# DATA SHOWN
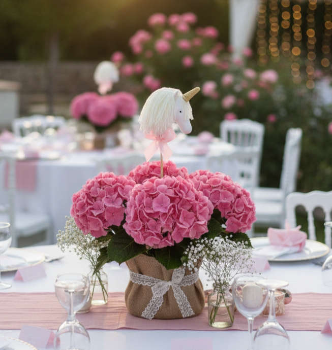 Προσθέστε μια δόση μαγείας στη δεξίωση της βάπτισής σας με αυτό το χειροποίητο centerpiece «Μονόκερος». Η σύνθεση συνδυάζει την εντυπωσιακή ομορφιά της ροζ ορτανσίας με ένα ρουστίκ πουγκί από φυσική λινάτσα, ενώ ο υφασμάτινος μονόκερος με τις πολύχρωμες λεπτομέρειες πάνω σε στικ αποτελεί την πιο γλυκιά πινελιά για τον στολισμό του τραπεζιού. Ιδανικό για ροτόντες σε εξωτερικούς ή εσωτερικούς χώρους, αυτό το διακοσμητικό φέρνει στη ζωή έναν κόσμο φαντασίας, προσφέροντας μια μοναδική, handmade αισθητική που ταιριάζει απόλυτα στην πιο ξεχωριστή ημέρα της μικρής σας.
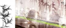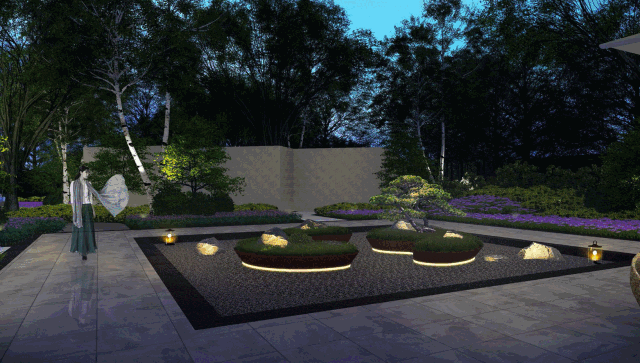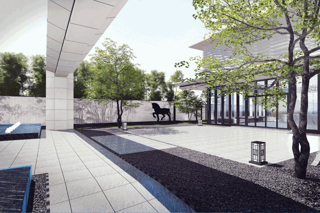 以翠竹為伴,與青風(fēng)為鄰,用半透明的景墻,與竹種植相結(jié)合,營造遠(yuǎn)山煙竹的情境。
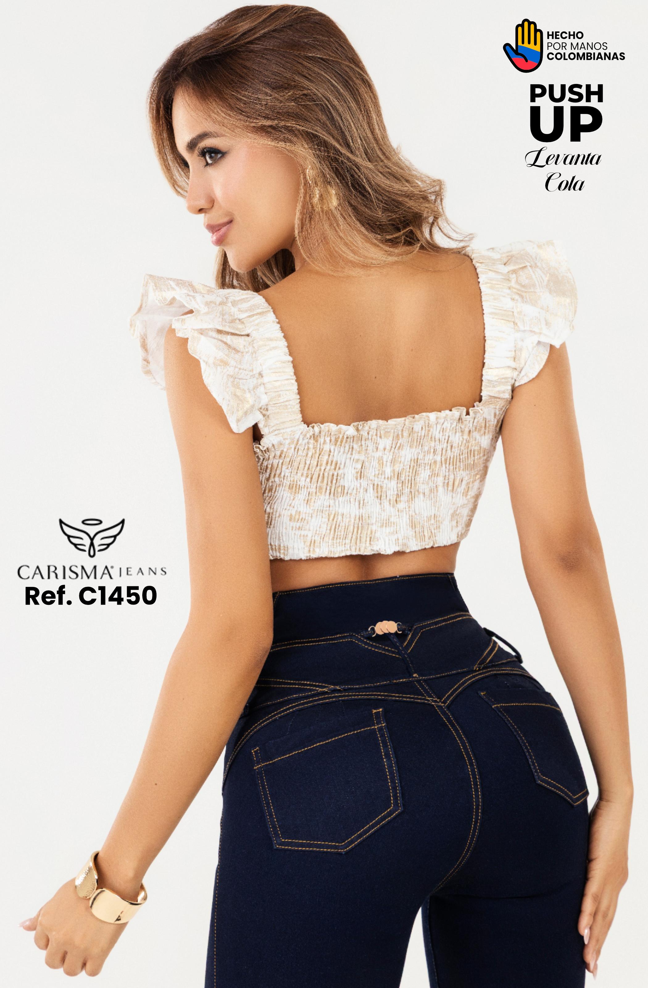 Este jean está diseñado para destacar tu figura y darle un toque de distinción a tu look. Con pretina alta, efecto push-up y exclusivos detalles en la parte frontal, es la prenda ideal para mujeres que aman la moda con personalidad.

# TASK TO COMPLETE
From start to finish, output the listing exactly, but omit its pictures.

# WRITTEN REPLY
 Προσθέστε μια δόση μαγείας στη δεξίωση της βάπτισής σας με αυτό το χειροποίητο centerpiece «Μονόκερος». Η σύνθεση συνδυάζει την εντυπωσιακή ομορφιά της ροζ ορτανσίας με ένα ρουστίκ πουγκί από φυσική λινάτσα, ενώ ο υφασμάτινος μονόκερος με τις πολύχρωμες λεπτομέρειες πάνω σε στικ αποτελεί την πιο γλυκιά πινελιά για τον στολισμό του τραπεζιού. Ιδανικό για ροτόντες σε εξωτερικούς ή εσωτερικούς χώρους, αυτό το διακοσμητικό φέρνει στη ζωή έναν κόσμο φαντασίας, προσφέροντας μια μοναδική, handmade αισθητική που ταιριάζει απόλυτα στην πιο ξεχωριστή ημέρα της μικρής σας.
 以翠竹為伴,與青風(fēng)為鄰,用半透明的景墻,與竹種植相結(jié)合,營造遠(yuǎn)山煙竹的情境。
 Este jean está diseñado para destacar tu figura y darle un toque de distinción a tu look. Con pretina alta, efecto push-up y exclusivos detalles en la parte frontal, es la prenda ideal para mujeres que aman la moda con personalidad.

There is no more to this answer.